# nmbr5



## number5 (Feb 25, 2014)

Here are my labs:   test/509.  Fsh/5.5.  Lh/5.2   estradiol/28.3.  Ast/20.  Alt/56.


----------



## Rumpy (Feb 25, 2014)

Pre cycle or post?  Is there a question that goes along with them?


----------



## number5 (Feb 25, 2014)

This is pre.   I was gonna research and see what they all mean..  I wanna do my first cycle soon.  Someone said to get the labs in to see if it was even safe.  And I don't know what he meant


----------



## Spongy (Feb 25, 2014)

Brother, take your time.  The fact you are unsure of what the numbers mean suggests you have a lot of research to do before your first injection.


----------



## Rumpy (Feb 25, 2014)

How old are you?  Everything looks pretty normal.  ALT is a touch high but nothing to worry about.  My guess you drink occasionally, or at least in the days before your draw.

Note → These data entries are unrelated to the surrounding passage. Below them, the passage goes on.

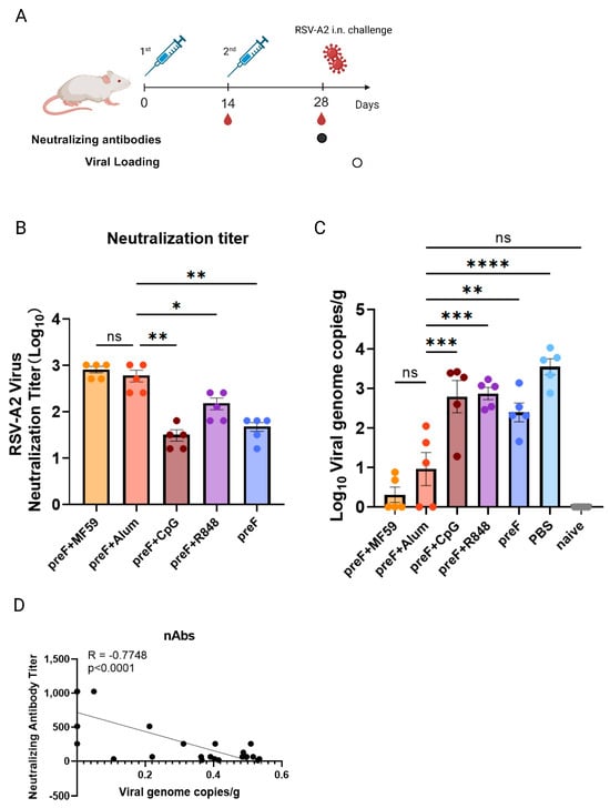 Serum neutralizing antibody titers correlate with protection against RSV−A2 challenge. (A) Experimental schematic for (B–D). The solid dot represents the timepoint of neutralizing antibody detection and the hollow dot represents the timepoint of lung viral loads detection. Balb/c mice (8–10 weeks old, female) were subjected to two immunizations, with the prime administered on day 0 and the boost on day 14. Serum was collected on day 28 post-prime for neutralizing antibody quantification assays. On day 29, mice were intranasally challenged with RSV-A2, and lungs were harvested for viral load quantification 4 days post-challenge. (B) RSV-A2-specific serum neutralizing antibody titers measured pre-challenge. (C) Viral genome copies per gram of lung tissue quantified by qPCR targeting the RSV N gene. (D) Pearson correlation between neutralizing antibody titers and lung viral loads. Representative data from two independent experiments, each with five mice per group (means ± SEM). **** p < 0.0001, *** p < 0.001, ** p < 0.01, * p < 0.05, ns (not significant) by one-way ANOVA.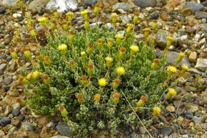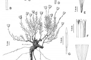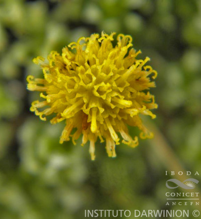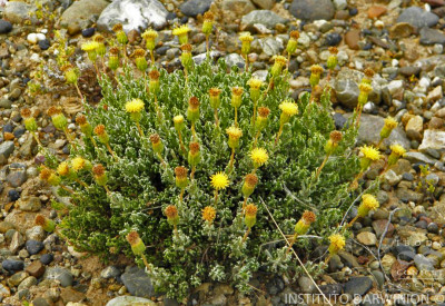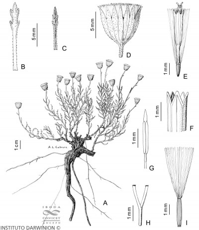 Sufrútices enanos, de 7-20 cm de alto, más o menos densamente papiloso-glandulosos; tallos ramosos, apretadamente hojosos hasta cerca del ápice. Hojas lineares o linear-espatuladas, de 8-25 × 0,5-2,5 mm, atenuadas en la base, agudas en el ápice, enteras o con 2-3 pares de dientes o lóbulos y revolutas en el margen, pubescente-glandulosas en ambas caras. Capítulos discoides, solitarios en el extremo de las ramas. Involucro acampanado, de 6-8 × 8-9 mm; brácteas del calículo pocas, cortas y lineares; filarios 13-19, linear-lanceolados, agudos en el ápice, glandulosos en el dorso. Flores isomorfas, numerosas, con corolas amarillas, tubulosas, de 5-6 mm de largo, cortamente 5-lobadas, lóbulos triangulares, ca. 0,6 mm de largo. Aquenios cilindroides, ca. 3 mm de largo, costados, glabros. Papus blanco de 5-6 mm de largo.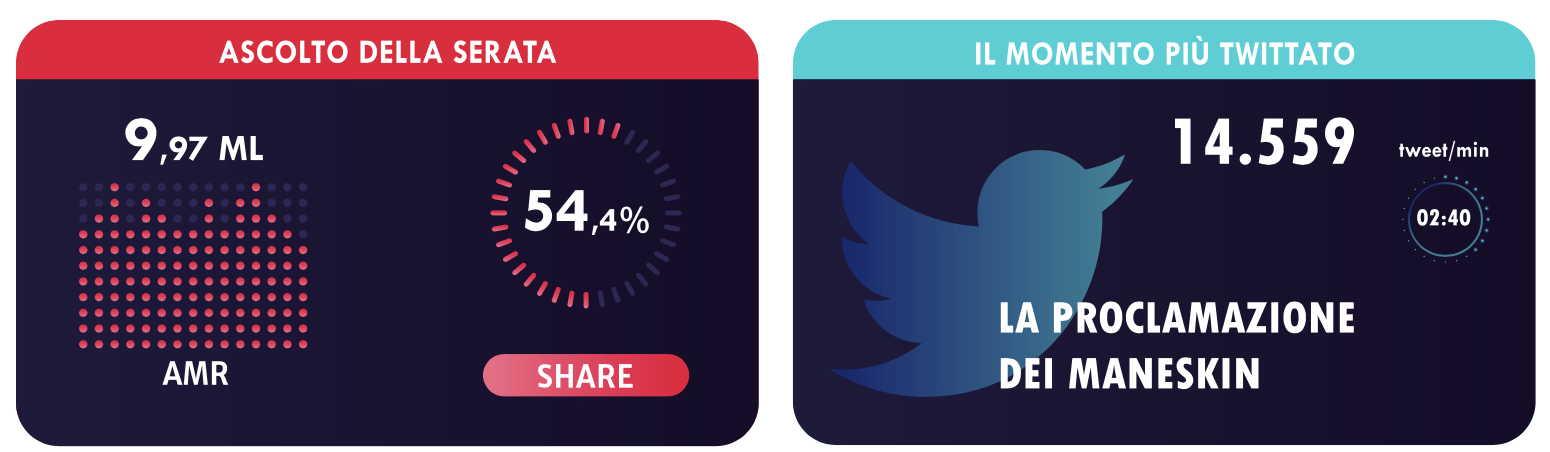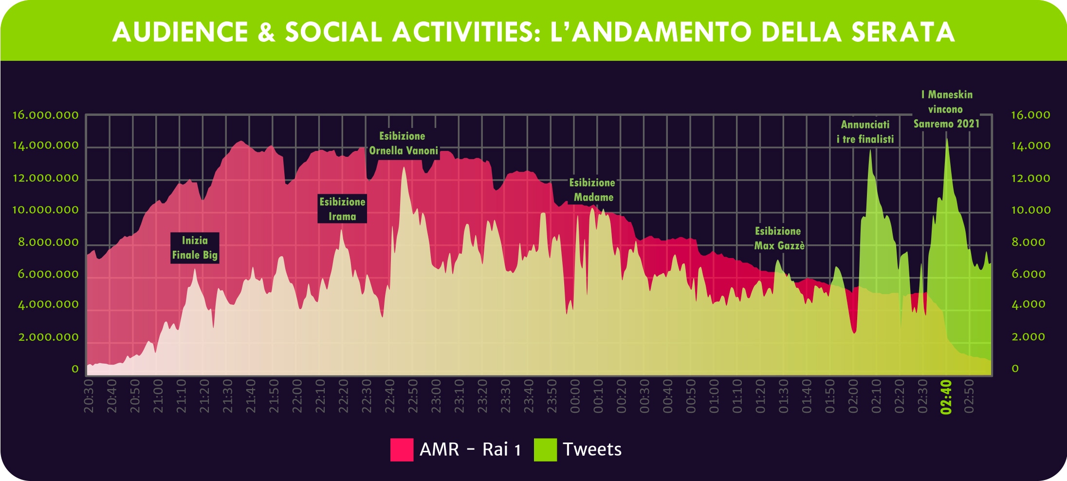 Una lunga serata, conclusasi alle 2:39: vincono i Måneskin, grazie al forte contributo del Televoto. La proclamazione dei Måneskin, con 14.559 tweet al minuto, è stato anche il momento più twittato della serata (2:40).

Just from those numbers I'd say you're good to go, and you'll be glad you have them for reference when you get post cycle labs.


----------



## PillarofBalance (Feb 25, 2014)

Number5 is this a journal you are starting here?


----------



## Rumpy (Feb 25, 2014)

Yeah, it's an odd post.  Put up your full specs, goals and proposed cycle.

Did you mean to start this as a journal?


----------



## number5 (Feb 25, 2014)

Oh ok.  By soon I mean I would like to this year.   I never realized how much science goes into all this.   I've found a lot of info just on this site.  I know it has motivated me to work a lot harder and watch my diet more closely.  Is there a section on blood tests or do I just pick up pieces here and there?  I just wanna learn first.  I was curious when I saw how much is on those results.  I know what some of the numbers mean but not most of them.  I'd like to know what every number means.


----------



## number5 (Feb 25, 2014)

Ya I wanted to start a journal.  I wanna just make some strength gains.  I'm 32 years  195lbs  16percent bf.  I guess I should have posted that first.


----------



## Spongy (Feb 25, 2014)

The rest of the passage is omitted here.